Мне это было неприятно. Любопытно, что, когда тот орел или ястреб вознесся надо всем, я приободрился – и это, наверное, потому (думал я), что как птица он был с воробьем – но и потому, возможно, прежде всего потому, что он вознесся и завис, соединив в себе воробья с повешением и позволяя объединить в идеи повешения повешенного воробья с повешенным котом, да, да (я все отчетливее представлял это), он даже придавал идее повешения доминирующее качество, вознесшееся надо всем, царственное… и, если я сумею (так я думал) разобраться в идее, нащупать основную нить, понять или хотя бы почувствовать, куда это нацелено, хотя бы на одном отрезке воробья, палочки, кота, тогда мне будет уже легче справиться с губами и со всем тем, что вокруг них крутится. Что ни говори (пытался я решить шараду), но несомненно (и это была мучительная загадка), что секрет губоротой комбинации во мне самом, она во мне возникла, я, и никто иной, породил этот союз, – но (внимание!) я, повесив кота, присоединился (в определенной степени? полностью?) к той группе воробья и палочки, следовательно, я принадлежал теперь к двум группам, – так разве из этого не следует, что соединение Лены и Катаськи с воробьем и палочкой может осуществиться только через меня? – и разве я, повесив кота, не установил платформу, которая все объединяет… но в каком смысле? Ох, не ясно это было, но, во всяком случае, что-то здесь начинало формироваться, родился какой-то эмбрион целого, и вот огромная птица зависает надо мной – вознесенная. Хорошо. Но какого черта этот ксендз на сцену лезет, из другой оперы, нежданно-негаданно, посторонний, лишний, идиотский?…
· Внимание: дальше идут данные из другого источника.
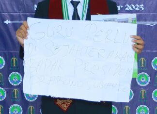“Kita mengamankan dan menyita satu buah cobek kayu sepanjang satu meter, sebilah pedang dengan panjang 50 centimeter, sebilah lehdek, satu bilah parang sepanjang 35 centimeter, dua batang paku sepanjang 8 cm yang dibalut tali rapia biru, serta satu bendera berwarna hitam bertuliskan official masterim,” ujarnya.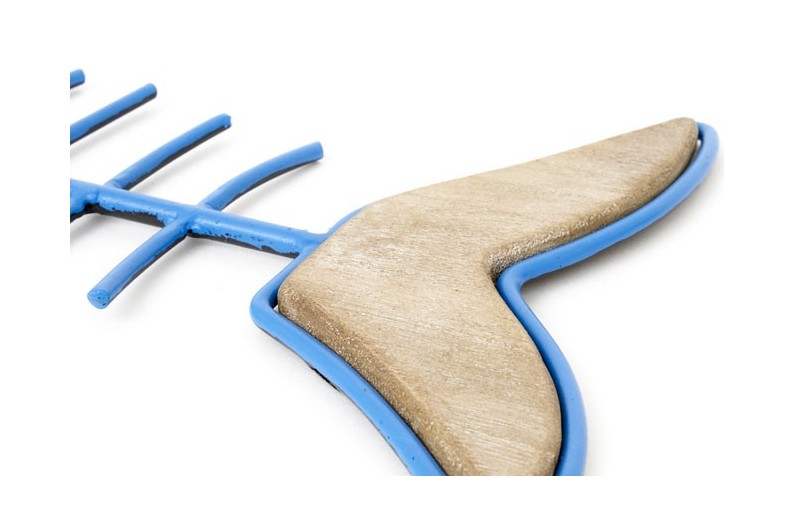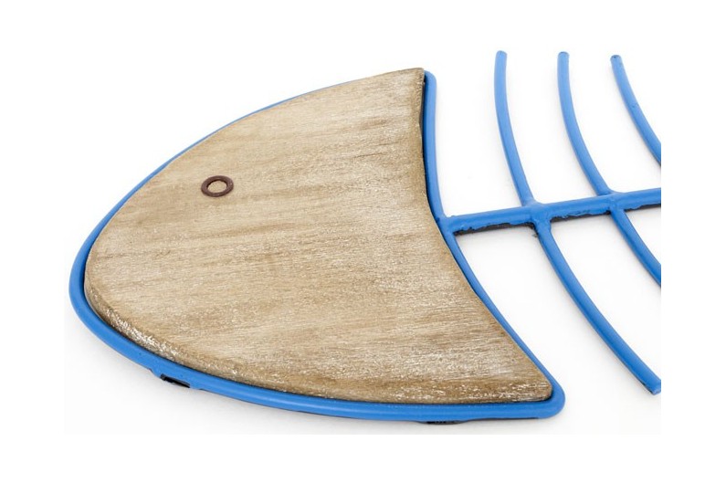 Poisson mural décoratif, fabriqué à la main avec de l'acier et du bois.

Как тот чайник, там! И мое раздражение было нисколько не меньшим, чем то… которое бросило меня на кота… (да, я все-таки не был уверен, не набросился ли я на кота в связи с чайником, не выдержав капли, переполнившей чашу… и, пожалуй, чтобы хоть каким-то действием заставить реальность опростаться, именно так, как мы бросаем что попало в кусты, где шевелится что-то непонятное)… значит, удушение кота – это мой яростный ответ на провокацию бессмысленностью чайника?… Но в таком случае берегись, попик, кто может гарантировать, вдруг я в тебя брошу, что под руку попадется, или сделаю с тобой что-нибудь… что-нибудь… Он сидел, не подозревая о моем озлоблении, мы ехали, горы и горы, рысь кобыл, жарко… Мне бросилась в глаза одна деталь… он шевелил пальцами…
Непроизвольно он растопыривал толстые пальцы обеих рук и переплетал их, эта работа пальцев, как червяков, внизу, между колен, была упорной и мерзкой.
Разговор.
– Господа впервые на Костелиской?
На что Люлюся голосом смущенной гимназистки: – Да, пан ксендз, мы в свадебном путешествии, поженились в прошлом месяце.
Люлюсь сразу подскочил с миной не менее смущенной и восторженной: – Мы свежеиспеченная парочка!
Ксендз кашлянул, растерявшись. Тогда Люлюся тоже по-школярски, как бы ябедничая классной даме на подружку: – Они, – она указала пальчиком на Лену и Людвика, – они, пан ксендз, тоже!
– Недавно получили разрешение на… – воскликнул Люлюсь.
Людвик сказал: – Гм-м-м-м-м! – густым басом, улыбка Лены, молчание ксендза, ах, Люлюсы, какой же тон они подобрали к этому попику!.. который продолжал нервно перебирать пальцами, и выглядело это убого, коряво, по-крестьянски, мне даже показалось, что у него какой-то грешок на совести, что же он сделал этими пальцами? И… и… ах… ах… эти шевелящиеся внизу пальцы… и мои пальцы… и Лены… на скатерти. Вилка. Ложка.
Люлю, не приставай, что подумает ксендз каноник! Люлю, что ты, ничего плохого просто подумать не может ксендз каноник! Люлюсь, если бы ты видел, как у тебя щека трясется! И вдруг… Мы сворачиваем в сторону. Пересекаем долину, крутой и едва заметной тропой выезжаем вверх и вбок! Мы были в ущелье, которое сужалось, но за ним открывался боковой, побочный овраг, и мы, уже полностью отрезанные, трусили рысцой среди новых вершин и откосов… и все перекосилось… и новые деревья, травы, скалы, такие же самые, но совершенно другие, новые и вкось заклейменные нашим поворотом вбок, с главной дороги. Да, да, да, думал я, он мог сделать нечто эдакое, у него было что-то на совести.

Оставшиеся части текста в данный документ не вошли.